But his findings are striking and build the case against raising grades.

Students who received softer grades were less likely to pass subsequent courses, posted lower test scores afterward, were less likely to graduate from high school and enroll in college, and earned significantly less years later.
The economic cost is not small. Denning estimates that when a teacher hands out grades that are significantly higher (0.2 or more points on a 4-point scale, the difference between a B and a near-B-plus), a student in that grade loses about $160,000 in lifetime earnings measured in current dollars.
This is the effect of one teacher in one year. If a student encounters several grade-inflating teachers, the losses add up.
Evidence from two very different places
The researchers studied students in two settings: Los Angeles and Maryland.
The Los Angeles Unified School District provided data on nearly one million high school students from 2004 to 2013, a period when the graduation rate hovered just above 50 percent. The student population was more than 70 percent Hispanic, and poor grades were common.
The Maryland data tracks about 250,000 high school students from 2013 to 2023. The graduation rate exceeds 90 percent and the student population is more racially mixed. The Maryland data allows researchers to track college enrollment, employment and earnings, while the Los Angeles data ends with high school graduation.
Despite these differences, the pattern was the same.
Students taught by lenient graders — defined as teachers who gave higher-than-expected grades based on standardized test scores and students’ past performance — did worse later in high school. In Maryland, where data was available through college and the workplace, these students were also less likely to attend college or be employed and earned less.

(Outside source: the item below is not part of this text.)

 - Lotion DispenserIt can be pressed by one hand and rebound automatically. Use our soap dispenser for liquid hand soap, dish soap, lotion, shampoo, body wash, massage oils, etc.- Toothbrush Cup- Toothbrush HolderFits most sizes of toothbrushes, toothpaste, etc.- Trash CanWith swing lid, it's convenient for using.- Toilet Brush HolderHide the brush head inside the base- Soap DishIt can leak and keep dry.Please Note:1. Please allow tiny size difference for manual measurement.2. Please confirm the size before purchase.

Seeing the same pattern in two very different systems reinforces the argument that this is not a fluke of one region or one political regime.
When indulgence helps and when it doesn’t
The study makes a crucial distinction. Teachers who still kept A’s challenging but only made passing easier—turning failures into low grades—did help more students graduate from high school, especially those at risk of dropping out. This short-term benefit is real. For some students, passing Algebra I instead of failing it can keep them on track to graduate and eventually enroll in a community college.

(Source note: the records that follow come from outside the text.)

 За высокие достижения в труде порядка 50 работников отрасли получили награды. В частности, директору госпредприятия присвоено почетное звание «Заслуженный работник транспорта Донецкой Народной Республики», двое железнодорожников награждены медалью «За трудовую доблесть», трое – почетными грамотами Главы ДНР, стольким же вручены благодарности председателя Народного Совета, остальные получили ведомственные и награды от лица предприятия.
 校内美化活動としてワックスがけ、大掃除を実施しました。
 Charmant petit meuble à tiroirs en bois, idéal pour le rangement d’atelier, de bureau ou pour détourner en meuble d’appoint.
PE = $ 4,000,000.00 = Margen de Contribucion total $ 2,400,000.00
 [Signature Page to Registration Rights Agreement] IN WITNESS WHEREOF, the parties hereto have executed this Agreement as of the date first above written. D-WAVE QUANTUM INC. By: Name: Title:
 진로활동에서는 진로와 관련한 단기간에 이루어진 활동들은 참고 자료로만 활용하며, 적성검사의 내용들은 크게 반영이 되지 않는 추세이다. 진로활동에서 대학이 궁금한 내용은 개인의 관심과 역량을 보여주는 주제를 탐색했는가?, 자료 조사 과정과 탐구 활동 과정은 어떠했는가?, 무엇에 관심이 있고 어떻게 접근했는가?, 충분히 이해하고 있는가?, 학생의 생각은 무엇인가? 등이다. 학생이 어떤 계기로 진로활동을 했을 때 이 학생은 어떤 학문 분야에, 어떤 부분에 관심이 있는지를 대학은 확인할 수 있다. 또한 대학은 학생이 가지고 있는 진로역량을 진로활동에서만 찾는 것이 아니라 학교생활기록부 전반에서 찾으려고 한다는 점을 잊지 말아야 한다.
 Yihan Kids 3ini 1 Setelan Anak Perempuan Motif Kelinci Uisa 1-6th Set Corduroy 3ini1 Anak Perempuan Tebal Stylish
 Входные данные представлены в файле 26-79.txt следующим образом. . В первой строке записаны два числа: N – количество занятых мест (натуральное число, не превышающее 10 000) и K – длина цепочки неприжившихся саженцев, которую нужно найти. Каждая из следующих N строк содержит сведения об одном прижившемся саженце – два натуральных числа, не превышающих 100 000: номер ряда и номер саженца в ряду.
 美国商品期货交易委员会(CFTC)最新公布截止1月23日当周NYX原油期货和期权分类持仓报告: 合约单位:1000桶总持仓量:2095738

But the benefit stops there. These students show no long-term gains in college completion or earnings. Leniency helps them get over the hurdle, but it doesn’t build the skills they need afterward.

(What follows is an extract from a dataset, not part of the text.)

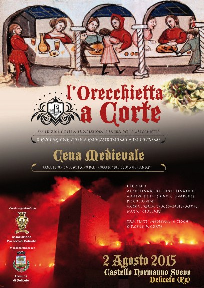 L'unione di questi due eventi hanno dato origine, all'Orecchietta a Corte, rievocazione enogastronomica in costume programmata per domenica 2 agosto prossimo, con una succulenta CENA MEDIEVALE a base, non solo, di orecchiette, ma con la riscoperta di un ricco menù della cucina tradizionale delicetana, accompagnato da un buon calice di vino locale e dai famosi cantucci, importati proprio dalla senese Famiglia Piccolomini.
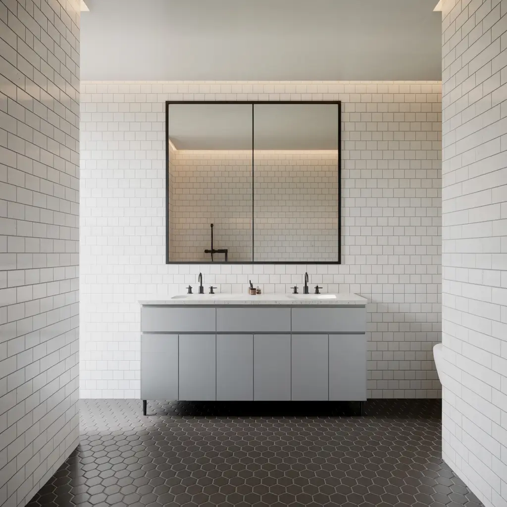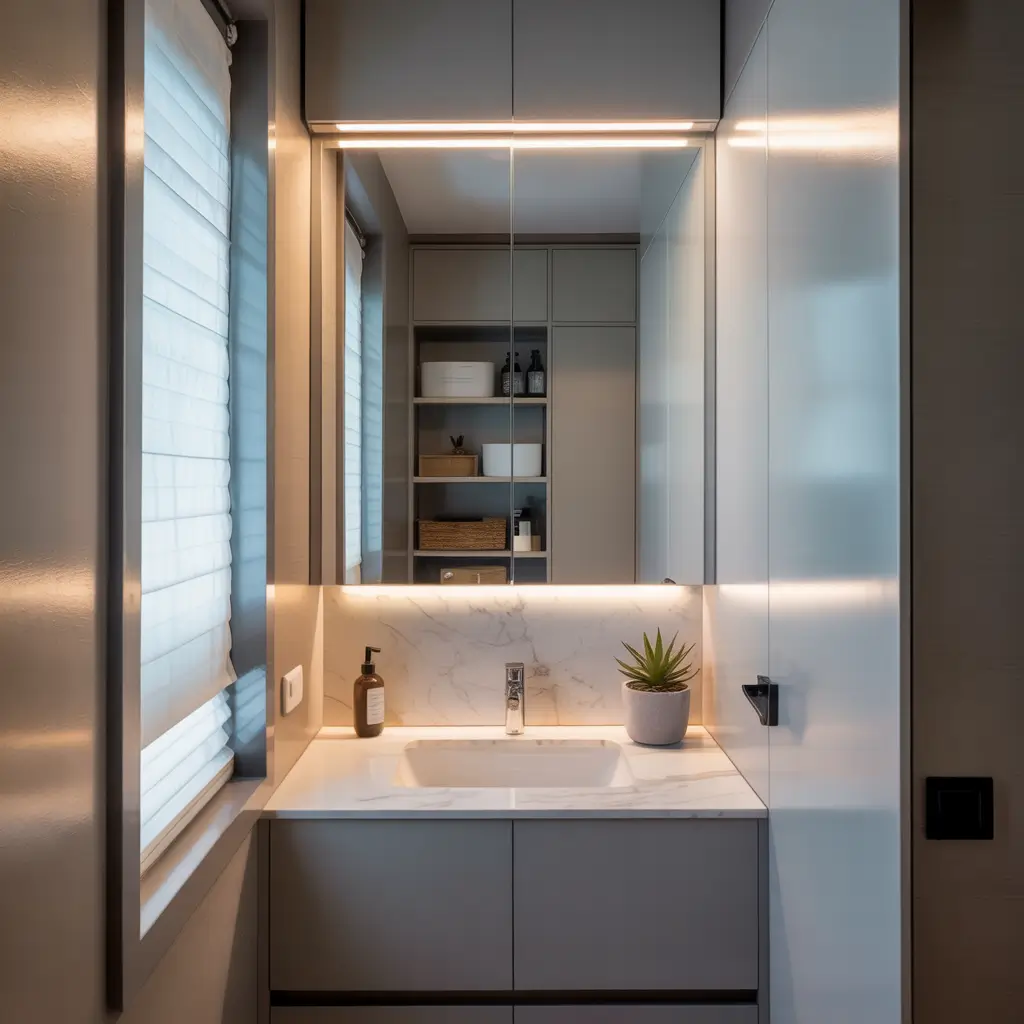 - Mirror cabinets that don’t scream “medicine cabinet”

Conversely, general grade inflation (teachers raising grades anywhere from C to B to A) shows no upside and hurts students’ chances for future success.
Why good intentions backfire
The study cannot directly explain why higher grades lead to worse outcomes. But the mechanism is not difficult to imagine. In a class with a lenient grader, a savvy student can quickly realize that he doesn’t need to study hard or do all the homework. If she earns a B in Algebra I without learning how to factor or solve quadratic equations, the knowledge gaps follow her into geometry and beyond. It can be scraped off again. Over time, the deficit increases. Trust is eroding. Learning is delayed. In college or the workplace, the consequences show up as lower skills and lower pay.
As Denning said during the presentation, there appears to be a “causal chain” of harm, even if he can’t directly measure how much less students learn or how much they fall behind.
Don’t be too quick to blame the teachers
Grading is not always an instructor’s individual decision. A 2025 Study documents the frustration of many grade-inflating teachers who say they feel pressured by administrators to follow “fair grading” policies that prohibit zeros, allow unlimited retakes and eliminate tardiness penalties.
Condescending students are not bad teachers. The study found that they were often better at improving non-cognitive skills. Their students behave better, cooperate more, and are less likely to be suspended. Yet, in this study, this does not translate into better life outcomes as one would hope.
Stricter graders tend to be better at raising students’ test scores in math, reading and other academic subjects. Despite this correlation, this does not mean that all difficult students are good teachers. Some are not.
This is early research. More research is needed to understand whether there are similar costs in the workplace than college inflation. And there are questions about whether boys respond differently than girls to inflated grades.
Teachers struggle to get students engaged in learning, which is fraught with failure, frustration, and boring repetition. Maybe low grades won’t inspire students to do that hard work. But this early evidence suggests that inflated valuations aren’t doing them any favors.